Wellington Drive Technologies (Wellington), a leading provider of Internet of Things (IoT) solutions and energy efficient motors to the retail food and beverage industry, today announced its unaudited trading performance for the three months ended 31 March 2019 (Q1 2019).
• Revenue for Q1 2019 improved 33%, to $15.8m compared to $11.9m in Q1 last year.
• IoT revenue comprised $6.5m of the total (41%), with Wellington Connect SCS volume growing 99%. ECR motors comprised $8.2m (52%) with ECR2 motor volume growing 56%. Non-ECR2 motor volume declined 29%.
• Gross profit for Q1 2019 was $4.1m, a gross margin of 26.2%. This compared to Q1 2018 $2.8m and 23.3%. The improvement was due to product mix (increased volume of higher margin products) and unit cost reductions. The pressure from additional costs experienced last year caused by global supply constraints for electronic components abated in the current quarter.
• Earnings before interest, tax, depreciation, amortisation and impairment (EBITDA) was $1.1m compared to $0.0m for Q1 2018. Earnings before interest and tax (EBIT) was a positive $0.5m compared to a loss of $0.4m for Q1 2018.
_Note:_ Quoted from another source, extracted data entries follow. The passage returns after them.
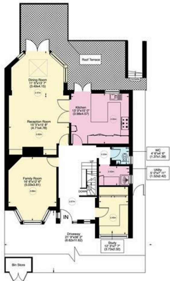
Upper Ground Floor - Approx 108 Sq m - 1164 Sq ft

Not to Scale, for guidance only and must not be relied upon as a statement to fact. All measurements areas are approximate only (and have been prepared in accordance with the current edition of the RICS Code of Measuring Practice).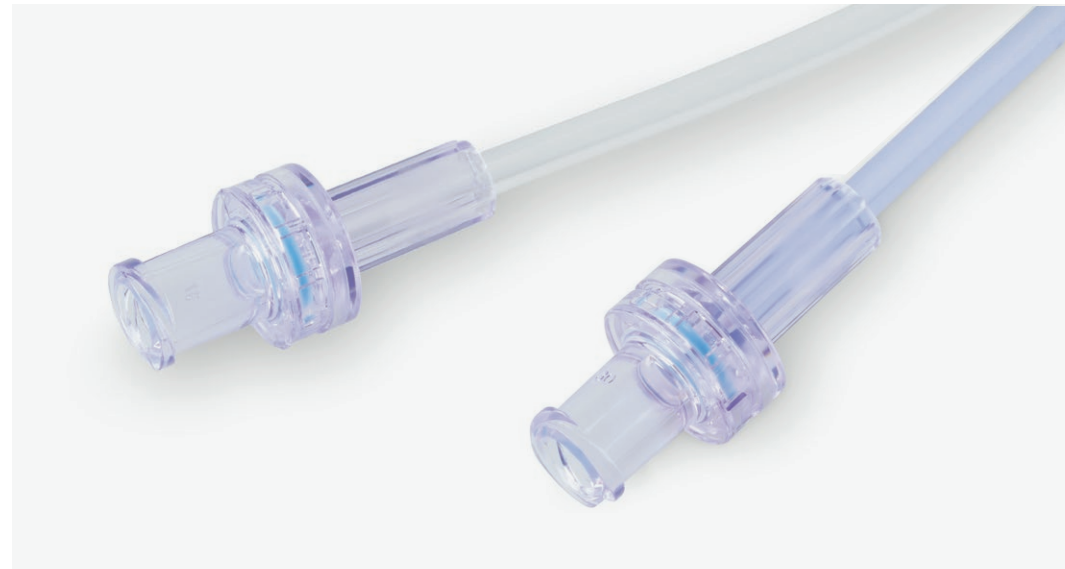
Anti-Siphon valves to prevent back flow and free-flow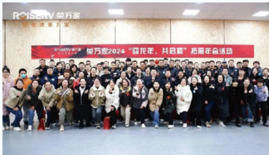
Team Building Activities at the Annual Meeting

The Group actively organises employee activities, including traditional festival celebrations, team building, corporate culture building, welfare and care, to enrich the employees' leisure time.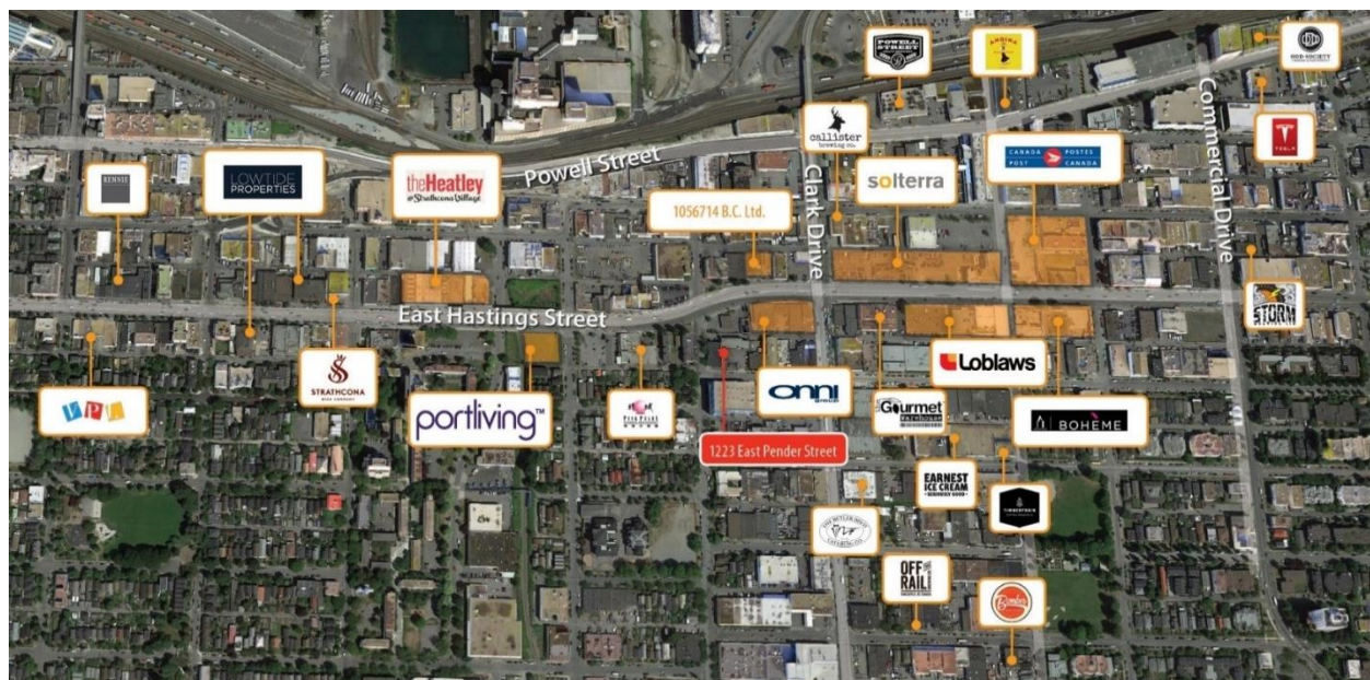
Hastings Street Corridor, Figure 1

Hastings Street is one of the most important east-west traffic corridors in Vancouver. This street has always had different character areas along its stretch, and today it still embodies different roles as it passes through different neighborhoods. It is an objective of the City of Vancouver to make Hastings Street a “great street” again, with focused efforts on building vibrant hubs along different sections to meet the needs of the communities through which it passes. See the City of Vancouver Downtown Eastside Plan, Section 6.6 – Hastings Street ( http://vancouver.ca/files/cov/downtown-eastside-plan.pdf ). In an effort to help facilitate this, many notable developers have strategically purchased property along the corridor in anticipation of this potential growth.

• The pre-tax result was a profit of $0.2m compared to a $0.6m loss in Q1 2018.
CEO Greg Allen commented “We are pleased with our first quarter performance, which continues to demonstrate the growing demand for the Wellington Connect IoT and ECR2 products. Some of the IoT customers we won in 2018 are starting to purchase product, while growth in ECR2 motors was off-set slightly by declines in the non-ECR2 motors. This was mainly due to decisions we made to not compete at the lower end of the motor price point. Our new business development funnel is very active; however due to the lead-time on hiring new growth-related skills we are prioritising existing customer growth projects. We do expect the first half of the year to be stronger than 2018 in both revenue and margin, with the second half still unclear and potentially weaker – hence we are maintaining previous guidance”.
The result for Q1 2019 is consistent with previous guidance and our guidance for FY 2019 therefore remains unchanged. The company’s total revenue in 2019 is expected to be flat to slightly up when compared to 2018. The company’s business mix is changing and is increasingly targeted to its higher margin IoT products. Accordingly, EBITDA1, Net Profit and operating cashflow are expected to be higher in 2019 when compared to 2018.
1 EBITDA (i.e. Earnings before interest, taxation, depreciation, amortisation and impairment) is a non-GAAP earnings figure that equity analysts tend to focus on for comparable company performance analysis. Wellington considers that is a useful financial indicator because it avoids the distortions caused by differences in amortisation and impairment policies.